A WORCESTERSHIRE MP has launched a bid to allow children to be immunised separately against three diseases instead of the combined measles, mumps and rubella jab.

Bromsgrove MP Julie Kirkbride will introduce a Private Member's Bill to the House of Commons in an attempt to overcome the fall in the numbers being protected from measles, mumps and rubella, and prevent a possible epidemic.

Medical opinion is divided over the possible dangers and no scientific evidence has yet been found to back the link between MMR and a rise in the number of cases of autism.

The National Autistic Society has said that to the best of its knowledge there is no conclusive scientific evidence to prove the MMR vaccine causes autism.

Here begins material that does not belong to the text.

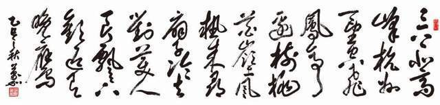 而赵万和的草书,则长枪大戟,摇曳生姿。一是他吸收了章草的成分,获得了额外的古意。二是强调了用笔的留驻。有时积点成线,增加了点画的内涵。三是避开了行间穿插,采用有行无列式布局,使作品气息流畅,自然大气,这也与他的审美追求一致。

The interest in the possible link was first noticed by the research by Dr Andrew Wakefield's team at the Royal Free Hospital in London in February, 1998.

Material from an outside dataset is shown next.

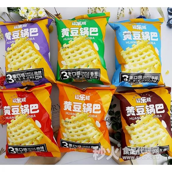 【产品介绍】逗乐脆黄豆锅巴,甄选优质黄豆、大米、植物油,又香又酥又脆,大人小孩都爱吃!有麻辣、五香、孜然、咖喱烤肉、酱汁牛排、香葱鸡肉等多种口味,每一种口味对应一种颜色。即使摆放在终端市场,也能很好的吸引消费者的眼球,激发消费者的食欲,促进产品的销售!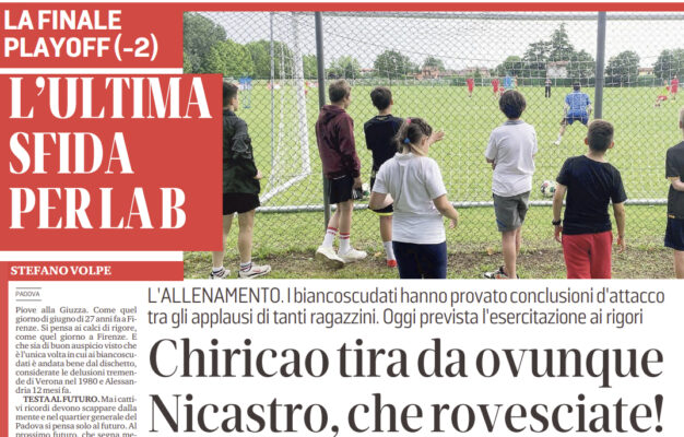 Il Mattino: “La finale playoff (-2). Padova. Oggi prevista l’esercitazione ai rigori. Chiricao tira da ovunque. Nicastro, che rovesciate!”

This noted that in a small group of children seen by the research team, the symptoms of their development disorder became apparent within six days of receiving the MMR vaccine.

It was a small study, which the team said "did not prove a link between measles, mumps and rubella vaccine and the syndrome described as autistic enterocolitis."

The National Autistic Society says that the alternatives to MMR at present are either not to vaccinate or to have the vaccines administered singly at annual intervals.

It also says if parents choose not to vaccinate their children, then they are placing them at risk.

Uptake of the MMR vaccine has dropped from 91 per cent in 1990 to 88 per cent today.

"It's important that Ministers listen to the case as there's a growing problem of parents choosing not to give their children the MMR jab," said Miss Kirkbride, whose son Angus is two months old.

"This creates an even bigger problem for public health with the possible outbreak of a measles epidemic."

Last year, a small number of chemists and GPs provided worried parents with an alternative to the controversial MMR three-in-one vaccine.

They offered protection from the three diseases in three separate jabs. The single vaccines were imported from Switzerland and France.